AG : Aujourd’hui, Colette est une enseigne emblématique de la rue. Installée là depuis longtemps, la boutique a contribué à l’attractivité de cette portion de la rue Saint-Honoré, à savoir celle située au-delà de la rue de Castiglione, parce qu’elle attire une clientèle extrêmement pointue et internationale. On a vu beaucoup d’enseignes qui se sont établies là pour bénéficier de cette clientèle. Est-ce que ces clients seront toujours présents une fois le magasin Colette fermé ? C’est un vrai point d’interrogation. Est-ce que cette clientèle n’ira pas dans d’autres quartiers, plus à l’est ? Il y a toujours les grandes maisons de mode à proximité, dont certaines y ont installé leurs bureaux, ainsi qu'une concentration d’hôtels assez forte. Donc la clientèle ne disparaîtra pas du jour au lendemain. On voit pendant les Fashion Weeks que c’est à cet endroit précis que l’on trouve la plus grande concentration de cette clientèle. Mais c’est peut-être la fin d’une époque, avec une partie des clients qui ne viendra plus. Et notamment ces touristes pointus, dont beaucoup de Japonais, de Coréens, d'Américains et de Sud-Américains. Il n’y aura plus la même qualité de flux. C’est une vraie possibilité.

FNW : La fin de Colette annonce-t-elle une montée en gamme de toute la rue ?

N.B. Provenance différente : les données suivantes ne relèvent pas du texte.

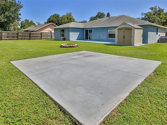 Welcome to this beautifully updated 4-bedroom, 2-bathroom block home in lovely Florida Shores—just minutes from the beach and close to shopping, dining, and other everyday conveniences. Situated on a spacious lot with no HOA, this move-in ready home has been thoughtfully maintained and upgraded for comfort and peace of mind. Major updates include a new roof (2019), A/C replacement (2023), and a brand-new water heater (2025). Step inside to find fresh paint throughout, new baseboards, new interior doors, and a remodeled primary bathroom. The open layout is bright and airy with vaulted ceilings, modern LED ceiling lights, new ceiling fans, and all new appliances, while planter shelves add character and charm. The curb appeal is enhanced by an oversized driveway, offering ample parking for guests, trailers, or other toys. Inside, the living spaces flow effortlessly, perfect for both everyday living and entertaining. The kitchen and living area connect seamlessly to the backyard through sliding doors, expanding your space to the outdoors. Out back, you’ll find a fully fenced yard (installed in 2021) with plenty of room to relax or entertain. Enjoy evenings around the fire pit, make use of the oversized concrete patio for outdoor dining, or store your tools and gear in the dedicated shed. Whether you're seeking a full-time residence, seasonal retreat, or investment property, this home offers comfort, functionality, and coastal convenience—all with no HOA restrictions. Schedule your private showing today!

AG : Les enseignes ne venaient pas que parce qu’il y avait Colette. Mais Colette contribuait au succès et aussi à la différenciation de l’offre. On parle de l’arrivée de Saint Laurent. Si c’est le cas, cela fera une marque de luxe supplémentaire qui viendra ajouter une pierre à l’édifice : Stella McCartney a ouvert il y a quelques semaines non loin de là; un peu plus dans l’environnement rue Royale, Kate Spade a également ouvert récemment; Dior s’est lancé dernièrement; Christofle doit lui s'installer bientôt; Robert Clergerie doit suivre dans les semaines à venir; le joaillier Graff qui doit ouvrir dans l’extension de l’Hôtel Costes, dans l’angle de la rue de Castiglione; Louis Vuitton, en double angle entre le 4 place Vendôme, la rue de Castiglione et la rue Saint-Honoré… Avec le départ de Colette, on perd un aspect différenciant de l’offre. On pourrait avoir rue Saint-Honoré une offre que l’on pourrait tout aussi bien trouver dans d’autres endroits à Paris, comme avenue Montaigne ou rue du Faubourg Saint-Honoré.

FNW : Il est souvent répété que Colette fut un moteur de l’ascension luxe de la rue Saint-Honoré. Est-ce avéré ?

AG : C’est vrai. On a vu que la rue Saint-Honoré a vraiment commencé à se développer, notamment sur cette section-là, il y a seulement quelques années. Colette était en place et a progressivement pris une dimension plus importante. Et cela a beaucoup joué sur le quartier. Avant, les enseignes de luxe étaient relativement concentrées rue du Faubourg Saint-Honoré. C’est ensuite qu’elles ont traversé la rue Royale, comme Chanel ou Fendi récemment. Maintenant, elles n’hésitent plus à continuer vers l’est et à passer la rue de Castiglione, et même à aller encore davantage vers le Palais-Royal. C'est notamment aujourd’hui un marqueur fort sur la parfumerie et les cosmétiques. On a récemment vu s’implanter Jo Malone, Mac, Kiehl's, La Prairie, Roger Gallet. Et, côté luxe, Balenciaga et le futur Louis Vuitton. Mais toujours avec une approche plus branchée et fashion que sur l’avenue Montaigne. Colette parti, le luxe pourrait prendre totalement possession de la rue Saint-Honoré.